Nineveh is the second largest province in Iraq, which is home to a mixed population of Arabs, Kurds, Christians, Turkmen, and other minority groups.

A third of the population of the province is Kurdish. Historically they have held top positions in the province including the head of the Nineveh Provincial Council and deputy governors.

Currently, of 39 members of the provincial council, 11 are Kurds including nine KDP members, three PUK members, and one member of the persecuted Yezidi minority.

The number of the seats on offer in April 2020 however is being cut to 27 – three of which are to go to the minorities as quotas, including one seat for Yezidis, one for the Shabaks, and another for the Christians.

“The KDP is viewing [the disputed areas in Nineveh province] as being Kurdistani,” the KDP official said. “We do not want to miss even a single Kurdish vote.”
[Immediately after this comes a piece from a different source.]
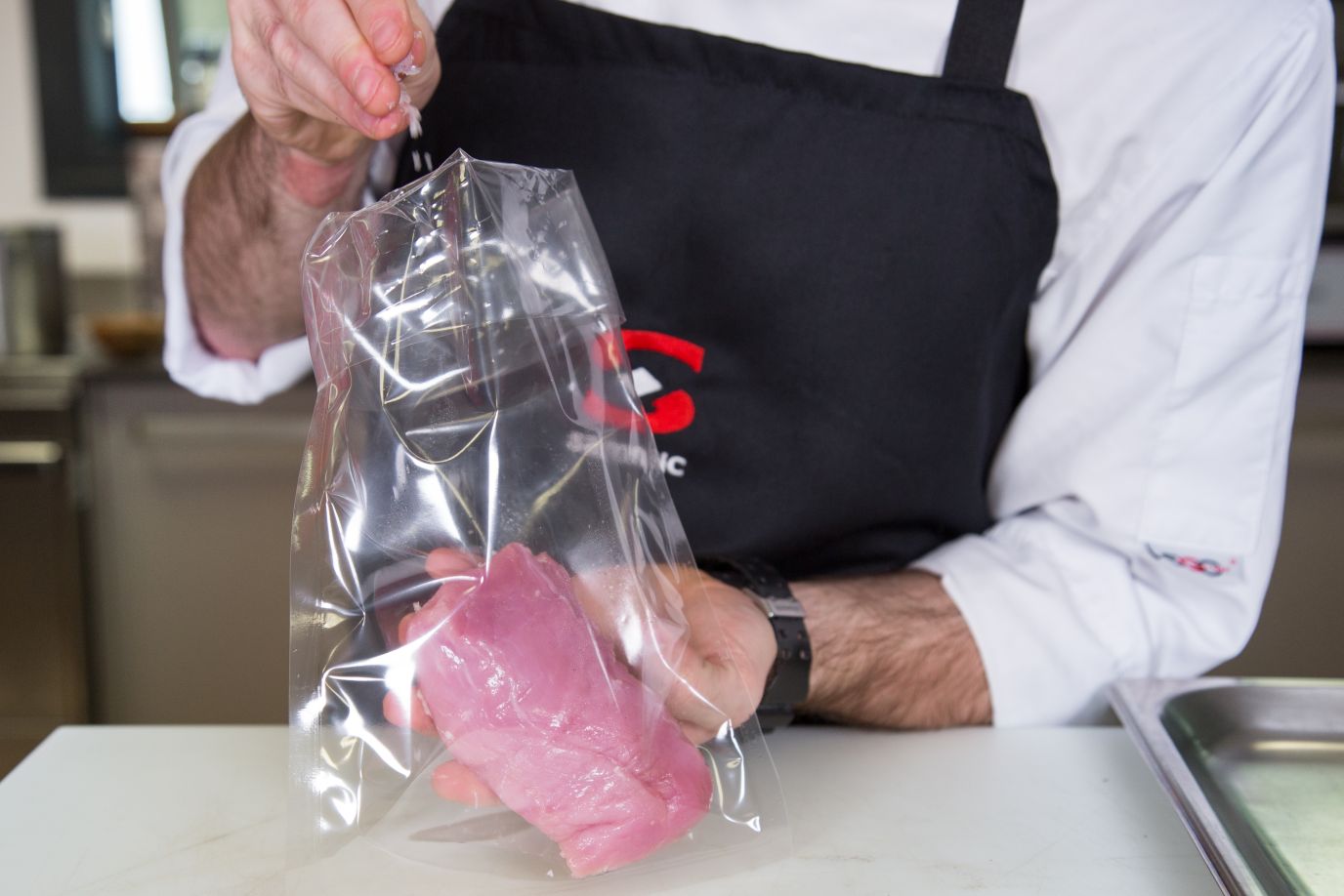 D’abord, on pare bien le filet mignon et on le sale. Après cela, on l’emballe sous-vide et on le fait cuire dans le SmartVide à 59°C pendant 50 minutes, ce qui nous permet ainsi d’atteindre le point de cuisson idéal et la température intérieure souhaitée.

“If we run on separate lists, the Kurdish vote will disperse. As the KDP, we are ready to visit all the parties.”

Last month, three Yezidi parties formed a coalition for the upcoming provincial election.

Haidar Shaho, whose party the Ezidi Democratic Party is a member of the coalition, said they would join a Kurdistani list on the condition it meets the interests of the Yezidi community.
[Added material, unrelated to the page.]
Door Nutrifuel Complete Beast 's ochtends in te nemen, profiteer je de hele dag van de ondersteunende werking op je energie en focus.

“We have formed a coalition of our own and the decision so far is that we run on our own list,” Shasho said. “We cannot separate ourselves from Kurdistan. So far no Kurdistani party has approached us asking to join a single list of Kurdistani parties.”

“If they asked us and we found out that joining them would be in the interest of the Yezidi, we will be ready to join them,” he added.